# "To staje się lepsze"



## TheIntricateWillows

Witam wszystkich,

I am writing a card for my friend. I would like to say "it gets better" in this card. To my knowledge, I should say "to staje się lepsze". Right? I'm just not sure if this is correct or sounds natural. Please let me know what you think and if you have any suggestions.

Dziękuję!


----------



## zaffy

Context needed, I'm afraid.


----------



## rotan

There's many options
_staje sie lepsze, polepsza sie, ulega polepszeniu, robi sie lepsze, zmienia sie na lepsze... _or even some not including the word _ lepszy_ at all: _poprawia sie, ulega poprawie..._
The text's narration determines which one is the best


----------



## Henares

It also depends on what the grammatical gender of ”it” is in this case. „Pogoda staje się lepszA”, „mój humor staje się lepszY”.


----------



## TheIntricateWillows

Hey everyone,

So sorry for the lack of context. You can find it below:

"Wojna jest trudna dla wszystkich. Moi rodzice są jednak bezpieczni. To staje się lepsze."

If you have any other suggestions on the other sentences, I would be very open to them. My Polish is still quite bad, as I have only been studying it for a month or so. Thank you again!


----------



## zaffy

TheIntricateWillows said:


> "Wojna jest trudna dla wszystkich. Moi rodzice są jednak bezpieczni. *To *staje się lepsze."

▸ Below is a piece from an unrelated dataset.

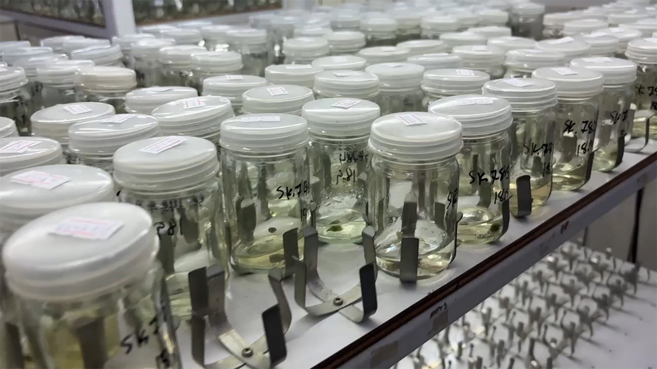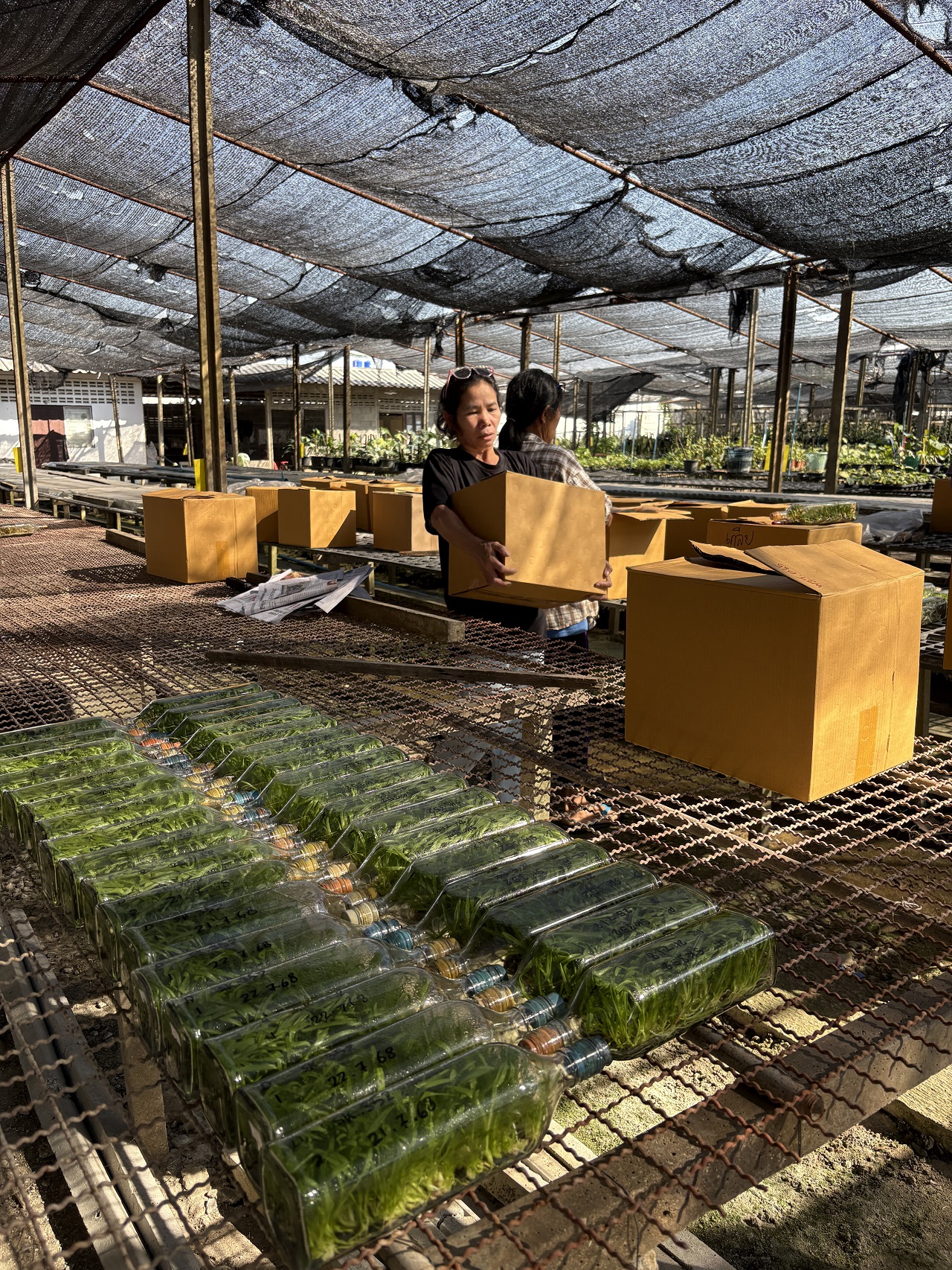 Export-ready orchid tissue culture flasks at Kanjarin Nursery, Thailand.

But what does "To" refer to? The current war situation is getting better?


----------



## TheIntricateWillows

No, not at all. I am referring to my emotional state.


----------



## zaffy

Perhaps these:
Ze mną coraz lepiej.
Czuje się coraz lepiej.


----------



## TheIntricateWillows

zaffy said:


> Perhapas these:
> Ze mną coraz lepiej.
> Czuje się coraz lepiej.


Thank you very much! I think that "Czuje się coraz lepiej" works the best for me here.


----------



## zaffy

"Wojna jest trudna dla wszystkich. Moi rodzice są jednak bezpieczni, a ja się czuję coraz lepiej."


----------



## rotan

I feel like _czuje sie coraz lepiej_ alone makes it kinda messy
I would add "ja tez"
_Ja tez czuje sie coraz lepiej_

edit: or go for what zaffy suggests


----------



## zaffy

rotan said:


> Ja *tez* czuje sie coraz lepiej


Why "też"? Who else feels better? I wouldn't add it.


----------



## rotan

My post was in regard to having 3 separate sentences, as in the original 😁

_"Wojna jest trudna dla wszystkich. Moi rodzice są jednak bezpieczni. Ja czuje sie coraz lepiej."_
Nah...

_"Wojna jest trudna dla wszystkich. Moi rodzice są jednak bezpieczni. Ja  *tez/takze/rowniez *czuje sie coraz lepiej."_

or less likely, but still possible:
_"Wojna jest trudna dla wszystkich. Moi rodzice są jednak bezpieczni. *I *ja tez/takze/rowniez czuje sie coraz lepiej."_

Adding '''sam" wouldn't be bad either I guess...
_"Ja *sam* tez/takze/rowniez czuje sie coraz lepiej."_


----------



## zaffy

TheIntricateWillows said:


> I think that "Czuje się coraz lepiej" works the best for me here.


"Ze mną coraz lepiej" works equally well in that context, I like it better, to be honest


----------



## TheIntricateWillows

zaffy said:


> "Ze mną coraz lepiej" works equally well in that context, I like it better, to be honest


Thank you very much. I wouldn't know all that well, because my Polish is terrible, to be honest.


----------